Description Stuart Midgley 2014-04-15 17:40:48 MDT

Afternoon

I think we are getting to the point where doing the job special error states in the epilogslurmctld is almost unworkable.  Their are race conditions we can't think of good ways to solve.  We really need the queue to perform the operation in an atomic way.

Here is our epilogslurmctld

#!/bin/bash

{

export PATH=/d/sw/slurm/latest/bin:/d/sw/slurm/latest/sbin:$PATH

JOB_EXIT=${SLURM_JOB_EXIT_CODE2%:*}

echo "$(date)    "$(for v in ${!SLURM_*} JOB_EXIT; do echo -n "${v}=${!v} "; done)

if [[ "$SLURM_JOB_EXIT_CODE2" != "0:0" ]] || (( JOB_EXIT > 0 )) ; then
#    echo "$(date)    "$(for v in ${!SLURM_*}; do echo -n "${v}=${!v} "; done)

    for((i=1; ; i++)); do
        status=0
        scontrol requeuehold state=SpecialExit ${SLURM_JOB_ID} && break
        status=$?
        sleep $(( RANDOM % (30+i) ))
    done

    exit $status
fi

} >> /var/log/slurm/slurmctld_epilog.log 2>&1


This has at least 2 race conditions.  First, the log is controlled by log rotate and if that occurs while we are in the scontrol or the sleep or anywhere else in the script, we loose logging information.  To be honest, we can probably work around this and its not a "massive" production issue.  
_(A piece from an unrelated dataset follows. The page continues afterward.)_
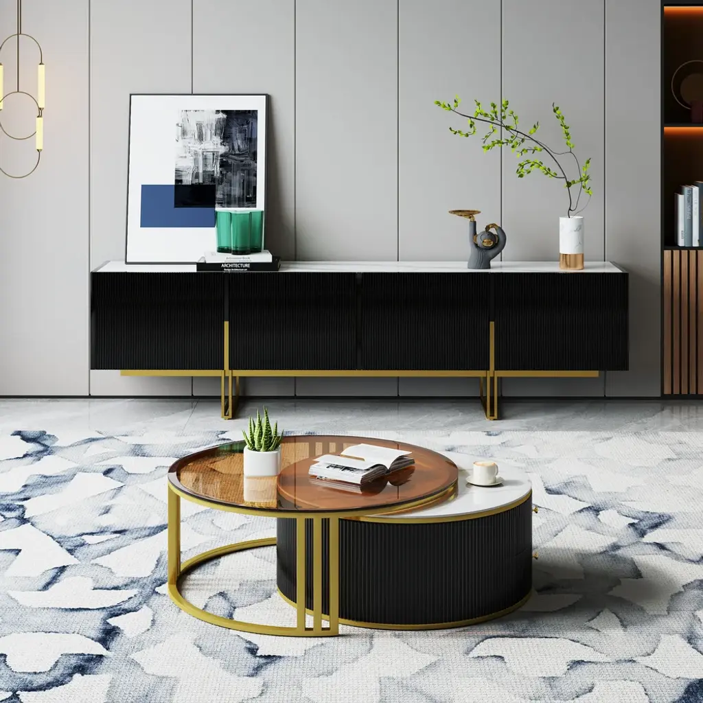 Grovyn 86.6" Tv Stand & Nesting Coffee Table Set

The second is more a problem and I think we have seen this.  If a user deletes the job while we are in the loop, then the scontrol will continue to fail for ever... and the epilog will never finish.  We need the infinite loop to try and ensure that the SpecialExit state is set (ie. to prevent loosing the job if we have communication or timeout issues).

Comment 1 David Bigagli 2014-04-16 11:25:03 MDT

The idea we have is to specify a configurable parameter

RequeueExitValues=1,2,3,4,5

then if the job exits with one of these we requeue it in special state.

Would this work?

David

Comment 2 Phil Schwan 2014-04-16 11:29:47 MDT

Yes, I expect it would work very well!  We have a wrapper script that catches all internal exit codes from user programs, whatever they might be, and normalises them to a consistent set of values.

Comment 3 Stuart Midgley 2014-04-16 17:50:00 MDT

After some thought and discussion, we might have another idea.

We could set MinJobAge=infinite (or something really really large) then we could have the epilogslurmctld remove successful jobs from Slurm.  In this way, it is fail safe.  Jobs will be in CG state for ever in the queue.  People would then have to requeue them to get them to rerun once they have fixed the problem.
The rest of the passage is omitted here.